> [Exercise material]:
★ ★ ★ ★ ★ ★ ★
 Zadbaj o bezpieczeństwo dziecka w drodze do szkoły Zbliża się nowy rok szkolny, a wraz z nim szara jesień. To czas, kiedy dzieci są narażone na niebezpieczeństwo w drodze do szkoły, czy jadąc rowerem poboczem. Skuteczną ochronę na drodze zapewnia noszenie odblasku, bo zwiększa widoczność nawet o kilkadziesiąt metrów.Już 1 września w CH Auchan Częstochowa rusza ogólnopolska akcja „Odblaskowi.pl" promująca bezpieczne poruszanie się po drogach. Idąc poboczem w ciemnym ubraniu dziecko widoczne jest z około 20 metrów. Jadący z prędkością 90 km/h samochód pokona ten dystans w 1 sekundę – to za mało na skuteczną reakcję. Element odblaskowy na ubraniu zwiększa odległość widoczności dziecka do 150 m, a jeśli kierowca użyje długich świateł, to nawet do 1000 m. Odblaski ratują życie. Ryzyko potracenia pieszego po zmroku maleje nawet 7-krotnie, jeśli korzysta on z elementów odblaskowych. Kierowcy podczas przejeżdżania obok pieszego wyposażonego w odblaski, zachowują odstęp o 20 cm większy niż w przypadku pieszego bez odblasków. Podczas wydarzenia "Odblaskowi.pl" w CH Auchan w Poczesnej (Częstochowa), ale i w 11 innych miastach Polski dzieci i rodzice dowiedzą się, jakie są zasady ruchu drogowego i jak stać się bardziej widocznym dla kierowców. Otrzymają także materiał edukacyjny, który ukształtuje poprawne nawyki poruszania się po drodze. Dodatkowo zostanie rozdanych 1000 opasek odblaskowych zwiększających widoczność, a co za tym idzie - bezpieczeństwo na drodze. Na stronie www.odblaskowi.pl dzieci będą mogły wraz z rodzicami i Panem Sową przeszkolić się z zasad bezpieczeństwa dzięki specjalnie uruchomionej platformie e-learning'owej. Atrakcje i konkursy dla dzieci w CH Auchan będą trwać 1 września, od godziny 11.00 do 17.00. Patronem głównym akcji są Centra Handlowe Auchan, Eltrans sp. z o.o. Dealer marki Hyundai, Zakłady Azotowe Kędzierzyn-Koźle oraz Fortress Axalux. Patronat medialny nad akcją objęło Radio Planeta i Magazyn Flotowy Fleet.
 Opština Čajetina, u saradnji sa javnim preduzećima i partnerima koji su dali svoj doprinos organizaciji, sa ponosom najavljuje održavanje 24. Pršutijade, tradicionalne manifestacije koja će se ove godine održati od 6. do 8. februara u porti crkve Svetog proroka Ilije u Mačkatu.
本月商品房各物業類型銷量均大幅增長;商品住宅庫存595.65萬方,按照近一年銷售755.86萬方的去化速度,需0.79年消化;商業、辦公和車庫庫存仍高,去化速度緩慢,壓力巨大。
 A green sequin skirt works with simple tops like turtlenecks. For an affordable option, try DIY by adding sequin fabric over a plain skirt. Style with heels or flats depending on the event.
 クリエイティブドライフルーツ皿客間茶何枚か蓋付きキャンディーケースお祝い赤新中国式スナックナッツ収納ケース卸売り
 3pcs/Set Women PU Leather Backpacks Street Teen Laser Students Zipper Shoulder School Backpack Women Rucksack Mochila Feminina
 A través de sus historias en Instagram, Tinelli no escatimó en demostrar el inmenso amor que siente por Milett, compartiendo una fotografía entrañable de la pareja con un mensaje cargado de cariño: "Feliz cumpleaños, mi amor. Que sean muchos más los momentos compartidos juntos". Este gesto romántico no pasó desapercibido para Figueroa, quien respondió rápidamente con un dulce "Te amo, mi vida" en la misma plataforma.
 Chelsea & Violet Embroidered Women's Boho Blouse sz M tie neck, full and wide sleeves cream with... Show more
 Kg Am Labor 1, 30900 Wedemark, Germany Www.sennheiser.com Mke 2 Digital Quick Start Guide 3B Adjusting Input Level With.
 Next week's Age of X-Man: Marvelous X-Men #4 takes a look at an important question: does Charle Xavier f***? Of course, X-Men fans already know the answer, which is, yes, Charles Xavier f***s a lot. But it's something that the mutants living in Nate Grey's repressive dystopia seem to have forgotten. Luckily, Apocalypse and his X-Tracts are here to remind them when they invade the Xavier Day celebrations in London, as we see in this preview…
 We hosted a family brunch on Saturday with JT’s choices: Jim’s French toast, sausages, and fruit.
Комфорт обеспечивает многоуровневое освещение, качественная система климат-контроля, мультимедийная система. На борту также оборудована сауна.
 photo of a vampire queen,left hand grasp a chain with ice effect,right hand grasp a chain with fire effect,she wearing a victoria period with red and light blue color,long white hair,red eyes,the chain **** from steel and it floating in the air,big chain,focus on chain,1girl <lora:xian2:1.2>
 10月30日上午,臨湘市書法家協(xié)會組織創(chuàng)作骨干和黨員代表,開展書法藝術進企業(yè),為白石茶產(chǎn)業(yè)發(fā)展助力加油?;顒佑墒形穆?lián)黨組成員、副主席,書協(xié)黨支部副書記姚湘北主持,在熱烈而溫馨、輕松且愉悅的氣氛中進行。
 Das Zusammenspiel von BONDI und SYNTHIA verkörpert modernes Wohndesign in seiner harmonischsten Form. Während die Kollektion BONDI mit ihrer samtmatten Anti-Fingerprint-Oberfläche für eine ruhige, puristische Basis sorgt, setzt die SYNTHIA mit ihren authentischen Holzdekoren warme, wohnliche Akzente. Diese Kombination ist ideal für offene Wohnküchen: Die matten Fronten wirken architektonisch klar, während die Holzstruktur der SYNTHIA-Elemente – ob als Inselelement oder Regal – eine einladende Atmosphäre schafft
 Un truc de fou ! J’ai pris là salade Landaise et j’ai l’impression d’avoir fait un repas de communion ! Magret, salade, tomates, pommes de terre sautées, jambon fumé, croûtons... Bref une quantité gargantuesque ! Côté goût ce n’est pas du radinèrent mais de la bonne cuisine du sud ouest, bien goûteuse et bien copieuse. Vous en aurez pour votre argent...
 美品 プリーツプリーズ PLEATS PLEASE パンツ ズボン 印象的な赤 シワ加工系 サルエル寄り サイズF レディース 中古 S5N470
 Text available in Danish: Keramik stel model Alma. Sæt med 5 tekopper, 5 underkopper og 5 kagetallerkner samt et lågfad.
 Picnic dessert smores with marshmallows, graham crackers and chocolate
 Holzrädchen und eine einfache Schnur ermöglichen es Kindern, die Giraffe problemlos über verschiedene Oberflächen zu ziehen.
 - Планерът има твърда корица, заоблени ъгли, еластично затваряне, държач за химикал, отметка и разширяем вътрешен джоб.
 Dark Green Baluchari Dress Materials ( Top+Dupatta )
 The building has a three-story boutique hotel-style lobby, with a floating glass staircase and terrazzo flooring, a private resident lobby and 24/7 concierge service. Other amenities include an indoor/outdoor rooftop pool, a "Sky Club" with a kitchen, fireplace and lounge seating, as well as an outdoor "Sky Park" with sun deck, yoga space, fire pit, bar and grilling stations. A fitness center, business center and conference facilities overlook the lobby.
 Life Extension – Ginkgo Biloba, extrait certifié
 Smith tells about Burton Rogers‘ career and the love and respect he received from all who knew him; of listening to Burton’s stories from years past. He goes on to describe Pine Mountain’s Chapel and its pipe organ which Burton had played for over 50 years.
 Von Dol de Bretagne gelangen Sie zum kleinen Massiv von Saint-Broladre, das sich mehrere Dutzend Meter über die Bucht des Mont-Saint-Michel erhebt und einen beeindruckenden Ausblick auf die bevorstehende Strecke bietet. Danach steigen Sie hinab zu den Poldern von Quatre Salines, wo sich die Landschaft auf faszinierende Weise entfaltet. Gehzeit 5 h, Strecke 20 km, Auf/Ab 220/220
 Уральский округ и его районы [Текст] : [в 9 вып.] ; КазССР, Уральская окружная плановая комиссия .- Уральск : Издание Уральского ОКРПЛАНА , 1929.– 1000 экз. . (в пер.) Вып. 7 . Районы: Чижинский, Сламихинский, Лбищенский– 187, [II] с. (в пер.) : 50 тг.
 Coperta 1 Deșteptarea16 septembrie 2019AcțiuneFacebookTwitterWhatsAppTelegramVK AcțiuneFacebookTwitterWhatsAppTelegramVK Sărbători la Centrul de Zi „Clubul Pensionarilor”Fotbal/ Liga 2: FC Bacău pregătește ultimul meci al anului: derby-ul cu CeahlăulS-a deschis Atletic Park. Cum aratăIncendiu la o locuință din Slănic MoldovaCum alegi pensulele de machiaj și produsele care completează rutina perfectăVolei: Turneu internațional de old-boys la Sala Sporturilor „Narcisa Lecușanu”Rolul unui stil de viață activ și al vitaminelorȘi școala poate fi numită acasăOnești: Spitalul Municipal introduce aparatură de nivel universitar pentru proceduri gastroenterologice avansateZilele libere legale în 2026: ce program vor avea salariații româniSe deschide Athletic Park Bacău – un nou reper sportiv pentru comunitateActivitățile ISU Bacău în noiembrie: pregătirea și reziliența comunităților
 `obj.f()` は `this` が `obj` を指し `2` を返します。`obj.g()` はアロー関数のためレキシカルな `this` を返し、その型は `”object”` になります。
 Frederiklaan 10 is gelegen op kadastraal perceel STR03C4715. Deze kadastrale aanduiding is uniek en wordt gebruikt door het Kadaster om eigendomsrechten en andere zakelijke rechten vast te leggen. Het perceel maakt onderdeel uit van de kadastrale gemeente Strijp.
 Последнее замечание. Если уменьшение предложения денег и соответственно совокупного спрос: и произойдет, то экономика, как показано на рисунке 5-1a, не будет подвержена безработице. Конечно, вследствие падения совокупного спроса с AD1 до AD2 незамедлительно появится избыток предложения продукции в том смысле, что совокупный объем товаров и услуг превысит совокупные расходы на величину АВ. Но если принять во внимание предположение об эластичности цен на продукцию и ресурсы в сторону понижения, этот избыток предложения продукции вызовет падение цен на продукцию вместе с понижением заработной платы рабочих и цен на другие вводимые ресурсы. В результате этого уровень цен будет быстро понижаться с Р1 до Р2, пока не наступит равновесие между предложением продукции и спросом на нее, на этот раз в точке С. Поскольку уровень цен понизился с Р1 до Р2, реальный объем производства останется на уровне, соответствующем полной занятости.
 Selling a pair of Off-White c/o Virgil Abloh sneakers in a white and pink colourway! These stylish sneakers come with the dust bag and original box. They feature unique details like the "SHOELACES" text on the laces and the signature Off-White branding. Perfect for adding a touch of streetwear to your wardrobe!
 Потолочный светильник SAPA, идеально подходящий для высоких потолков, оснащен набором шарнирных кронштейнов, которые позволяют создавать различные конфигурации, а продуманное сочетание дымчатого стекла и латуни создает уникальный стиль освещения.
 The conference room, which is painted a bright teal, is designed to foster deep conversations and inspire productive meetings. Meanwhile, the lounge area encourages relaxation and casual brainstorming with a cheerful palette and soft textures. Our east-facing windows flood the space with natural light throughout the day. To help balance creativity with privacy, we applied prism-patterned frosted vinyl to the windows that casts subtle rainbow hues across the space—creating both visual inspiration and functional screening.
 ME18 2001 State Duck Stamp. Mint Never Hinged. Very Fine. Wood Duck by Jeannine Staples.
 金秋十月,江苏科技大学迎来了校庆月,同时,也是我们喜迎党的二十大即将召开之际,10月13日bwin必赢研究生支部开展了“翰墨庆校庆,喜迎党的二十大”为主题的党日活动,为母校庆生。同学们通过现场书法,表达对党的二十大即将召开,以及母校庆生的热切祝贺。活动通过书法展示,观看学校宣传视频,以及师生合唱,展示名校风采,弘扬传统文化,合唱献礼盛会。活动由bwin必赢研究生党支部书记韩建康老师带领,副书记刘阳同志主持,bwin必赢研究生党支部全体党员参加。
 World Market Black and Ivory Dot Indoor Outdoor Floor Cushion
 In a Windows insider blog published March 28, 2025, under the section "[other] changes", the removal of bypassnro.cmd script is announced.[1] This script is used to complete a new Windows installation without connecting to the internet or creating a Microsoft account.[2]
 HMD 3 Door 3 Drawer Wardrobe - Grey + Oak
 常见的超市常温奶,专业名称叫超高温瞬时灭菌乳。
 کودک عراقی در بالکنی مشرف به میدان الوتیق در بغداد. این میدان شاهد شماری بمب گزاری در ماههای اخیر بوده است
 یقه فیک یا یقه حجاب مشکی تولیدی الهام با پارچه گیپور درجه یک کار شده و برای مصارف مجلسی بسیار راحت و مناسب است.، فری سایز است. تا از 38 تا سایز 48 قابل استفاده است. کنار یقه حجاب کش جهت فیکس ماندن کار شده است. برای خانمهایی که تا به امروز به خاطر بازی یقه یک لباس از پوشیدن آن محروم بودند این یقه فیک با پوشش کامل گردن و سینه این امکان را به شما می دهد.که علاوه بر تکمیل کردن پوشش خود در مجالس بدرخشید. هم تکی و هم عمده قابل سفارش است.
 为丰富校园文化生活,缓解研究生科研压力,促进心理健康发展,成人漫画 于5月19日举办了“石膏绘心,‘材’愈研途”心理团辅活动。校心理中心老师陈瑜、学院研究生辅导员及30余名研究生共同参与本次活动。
★ ★ ★ ★ ★ ★ ★
> [Description of the task]:
Would you please work out how many lines of the data hold "like"? Reply with the number alone.

> [Result]:
2